* _What this task involves_: Give the lines again exactly as they appear below, from the line with "- 絡繰魂×ONE PIECE" to the line with "图片来源:SpaceX 社交账户,星舰成功进入太空轨道", both included, and only those lines. Leave every picture out.

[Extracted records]
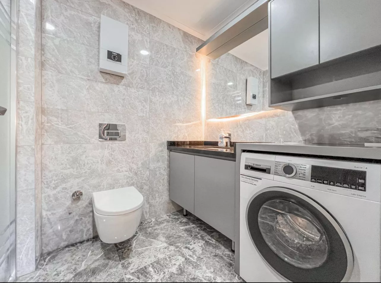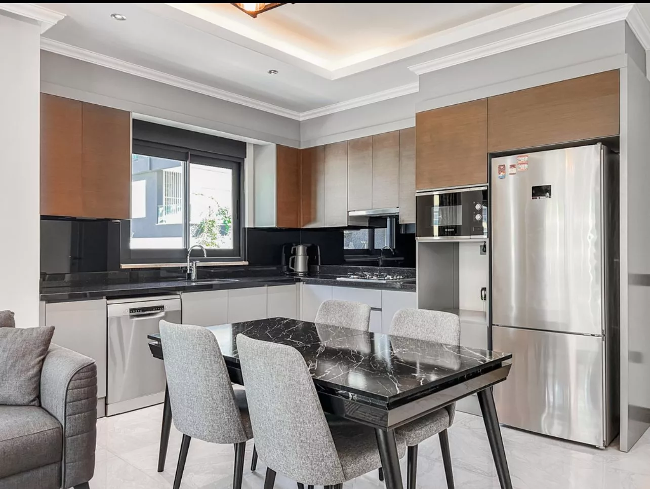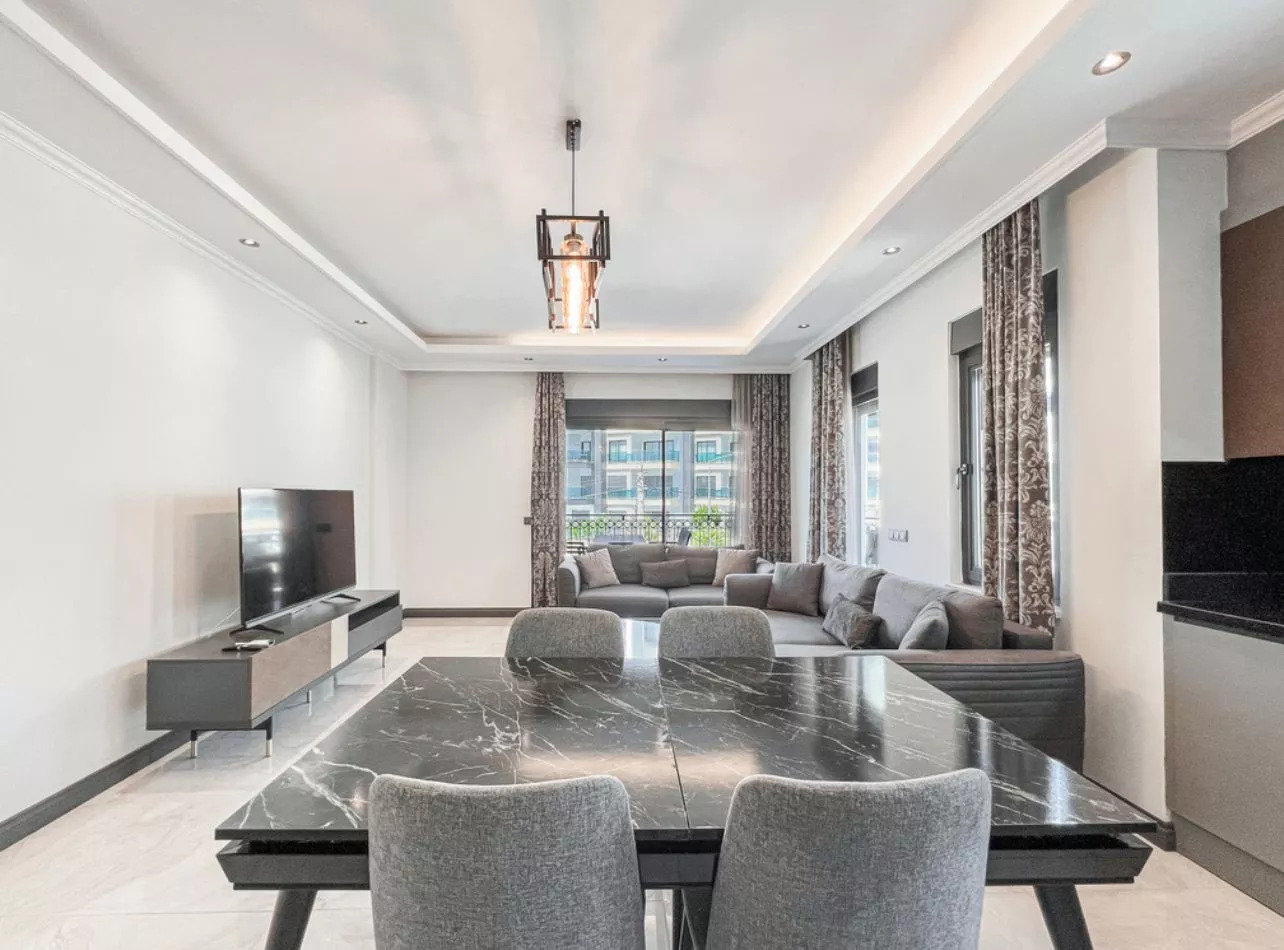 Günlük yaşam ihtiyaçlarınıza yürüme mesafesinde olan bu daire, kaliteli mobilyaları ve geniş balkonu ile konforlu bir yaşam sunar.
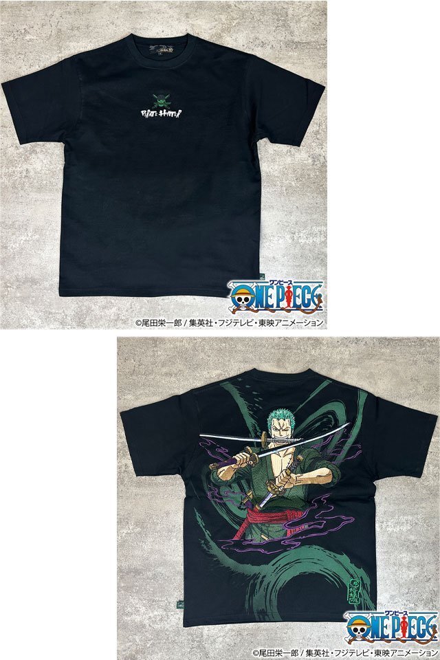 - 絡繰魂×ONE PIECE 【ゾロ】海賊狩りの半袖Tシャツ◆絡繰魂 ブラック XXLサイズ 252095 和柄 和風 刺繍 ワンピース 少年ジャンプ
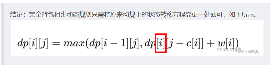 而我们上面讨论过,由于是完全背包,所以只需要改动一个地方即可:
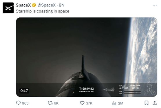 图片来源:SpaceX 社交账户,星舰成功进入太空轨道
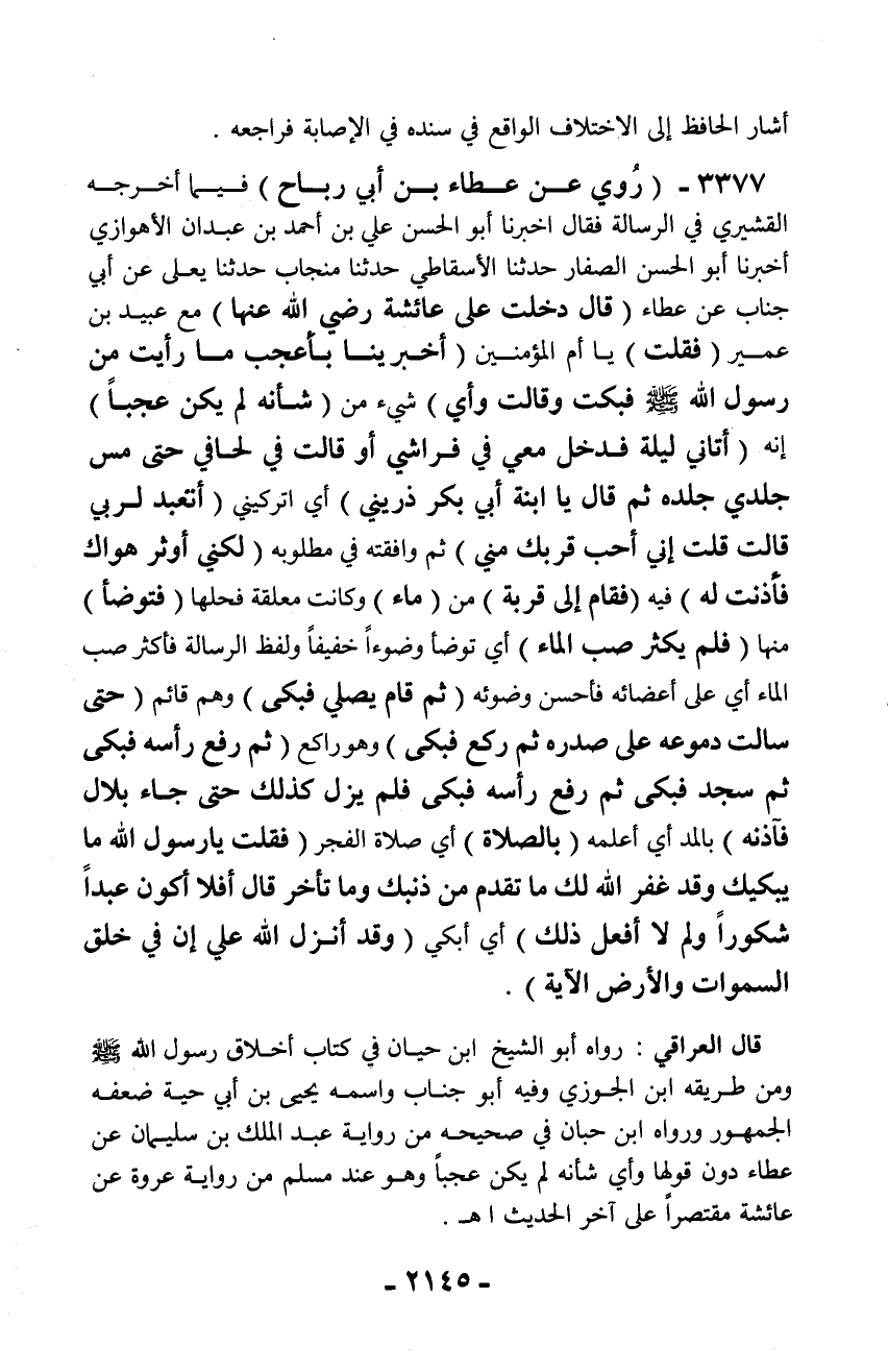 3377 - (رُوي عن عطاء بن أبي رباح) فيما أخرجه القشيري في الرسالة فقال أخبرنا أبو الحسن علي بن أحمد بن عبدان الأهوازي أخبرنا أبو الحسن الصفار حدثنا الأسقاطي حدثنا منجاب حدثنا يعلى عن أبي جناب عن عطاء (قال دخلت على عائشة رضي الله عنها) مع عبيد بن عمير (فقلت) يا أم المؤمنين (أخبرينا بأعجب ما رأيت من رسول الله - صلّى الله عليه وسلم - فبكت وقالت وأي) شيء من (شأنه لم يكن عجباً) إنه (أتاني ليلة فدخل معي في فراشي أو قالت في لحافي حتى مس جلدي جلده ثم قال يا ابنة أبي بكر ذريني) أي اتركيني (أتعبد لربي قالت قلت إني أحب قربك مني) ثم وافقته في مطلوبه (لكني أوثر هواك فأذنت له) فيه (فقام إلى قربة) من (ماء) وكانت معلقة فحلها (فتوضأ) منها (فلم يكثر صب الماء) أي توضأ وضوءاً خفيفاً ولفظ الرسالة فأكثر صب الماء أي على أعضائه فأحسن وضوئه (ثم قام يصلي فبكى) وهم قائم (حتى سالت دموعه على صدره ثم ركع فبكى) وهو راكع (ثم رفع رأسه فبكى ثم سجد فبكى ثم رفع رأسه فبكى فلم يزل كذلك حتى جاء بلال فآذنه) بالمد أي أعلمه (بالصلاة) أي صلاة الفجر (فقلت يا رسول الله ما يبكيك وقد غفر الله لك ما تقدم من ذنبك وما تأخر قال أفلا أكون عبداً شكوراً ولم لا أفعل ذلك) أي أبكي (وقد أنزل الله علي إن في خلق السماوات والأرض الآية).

...

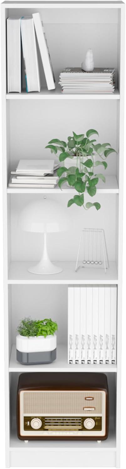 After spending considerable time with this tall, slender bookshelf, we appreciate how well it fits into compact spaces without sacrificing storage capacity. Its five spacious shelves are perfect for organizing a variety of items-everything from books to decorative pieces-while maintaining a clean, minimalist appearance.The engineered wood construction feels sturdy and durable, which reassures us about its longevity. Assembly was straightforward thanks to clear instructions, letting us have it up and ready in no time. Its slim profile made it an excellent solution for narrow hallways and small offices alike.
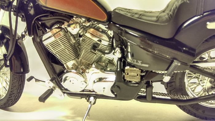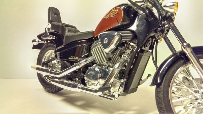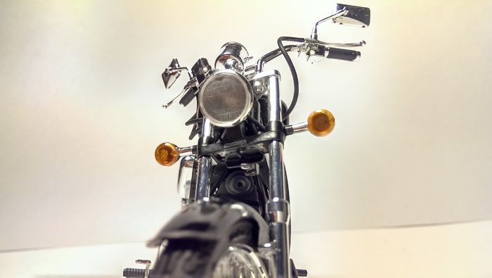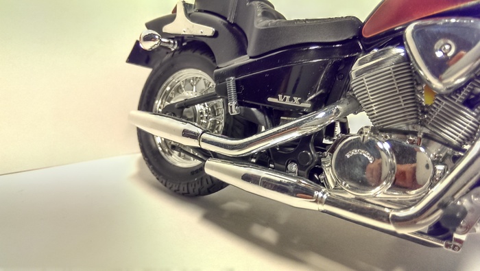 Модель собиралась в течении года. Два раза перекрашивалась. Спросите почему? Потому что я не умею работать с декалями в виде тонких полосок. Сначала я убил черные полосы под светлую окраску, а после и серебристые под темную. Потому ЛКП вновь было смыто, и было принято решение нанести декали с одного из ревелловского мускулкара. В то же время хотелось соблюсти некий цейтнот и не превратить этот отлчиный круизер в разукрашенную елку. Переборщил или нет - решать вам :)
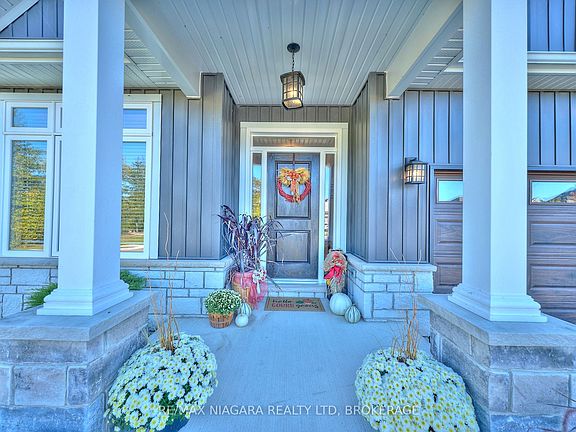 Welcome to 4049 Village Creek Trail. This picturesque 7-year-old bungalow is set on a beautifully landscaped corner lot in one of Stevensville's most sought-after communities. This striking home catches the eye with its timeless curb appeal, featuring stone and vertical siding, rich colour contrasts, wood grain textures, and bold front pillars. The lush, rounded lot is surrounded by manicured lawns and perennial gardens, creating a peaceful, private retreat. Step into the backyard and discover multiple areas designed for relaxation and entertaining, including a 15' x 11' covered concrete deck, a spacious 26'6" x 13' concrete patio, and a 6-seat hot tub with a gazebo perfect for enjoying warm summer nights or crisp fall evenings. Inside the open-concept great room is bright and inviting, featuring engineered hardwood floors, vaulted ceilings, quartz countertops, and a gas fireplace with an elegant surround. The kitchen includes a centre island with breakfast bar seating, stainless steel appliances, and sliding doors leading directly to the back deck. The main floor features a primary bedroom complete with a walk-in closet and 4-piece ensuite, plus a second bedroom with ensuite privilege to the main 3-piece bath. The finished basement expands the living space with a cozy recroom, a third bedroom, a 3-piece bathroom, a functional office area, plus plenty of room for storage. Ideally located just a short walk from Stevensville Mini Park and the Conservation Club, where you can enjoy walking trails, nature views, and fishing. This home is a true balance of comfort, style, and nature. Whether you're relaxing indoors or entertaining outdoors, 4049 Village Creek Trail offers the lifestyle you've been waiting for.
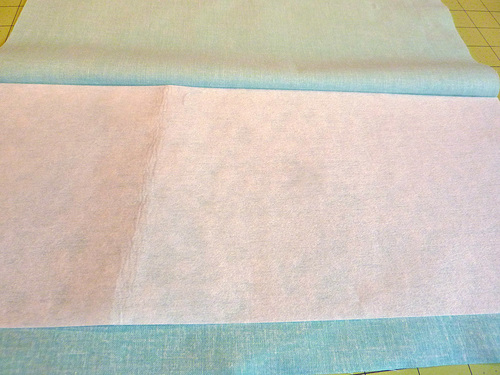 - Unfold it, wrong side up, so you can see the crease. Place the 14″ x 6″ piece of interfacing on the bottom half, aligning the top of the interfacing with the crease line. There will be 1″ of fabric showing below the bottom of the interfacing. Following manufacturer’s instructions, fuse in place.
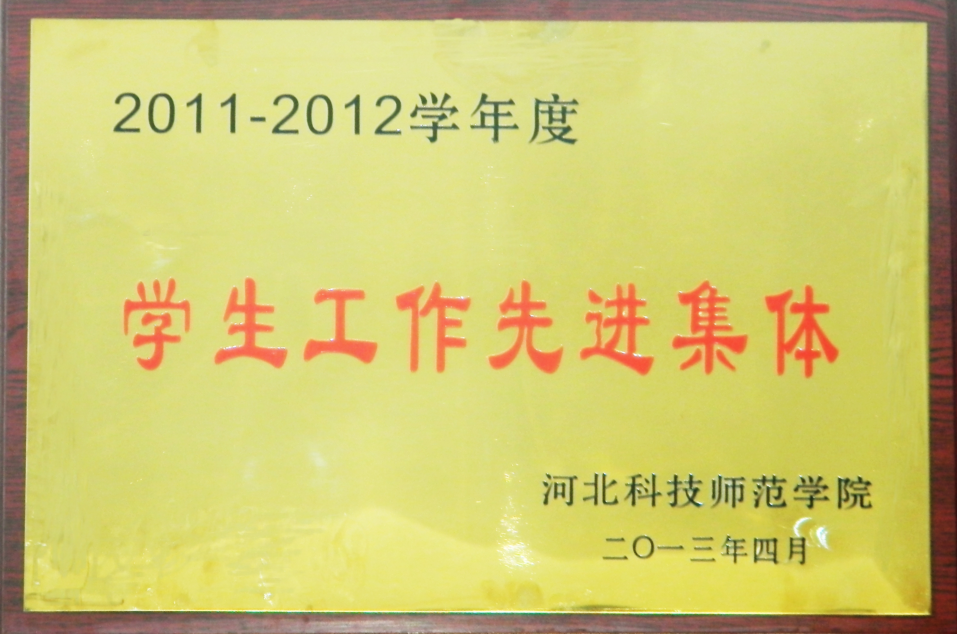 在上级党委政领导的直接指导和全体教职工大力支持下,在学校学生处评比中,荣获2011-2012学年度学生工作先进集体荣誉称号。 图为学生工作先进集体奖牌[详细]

* _Response_:
 - 絡繰魂×ONE PIECE 【ゾロ】海賊狩りの半袖Tシャツ◆絡繰魂 ブラック XXLサイズ 252095 和柄 和風 刺繍 ワンピース 少年ジャンプ
 而我们上面讨论过,由于是完全背包,所以只需要改动一个地方即可:
 图片来源:SpaceX 社交账户,星舰成功进入太空轨道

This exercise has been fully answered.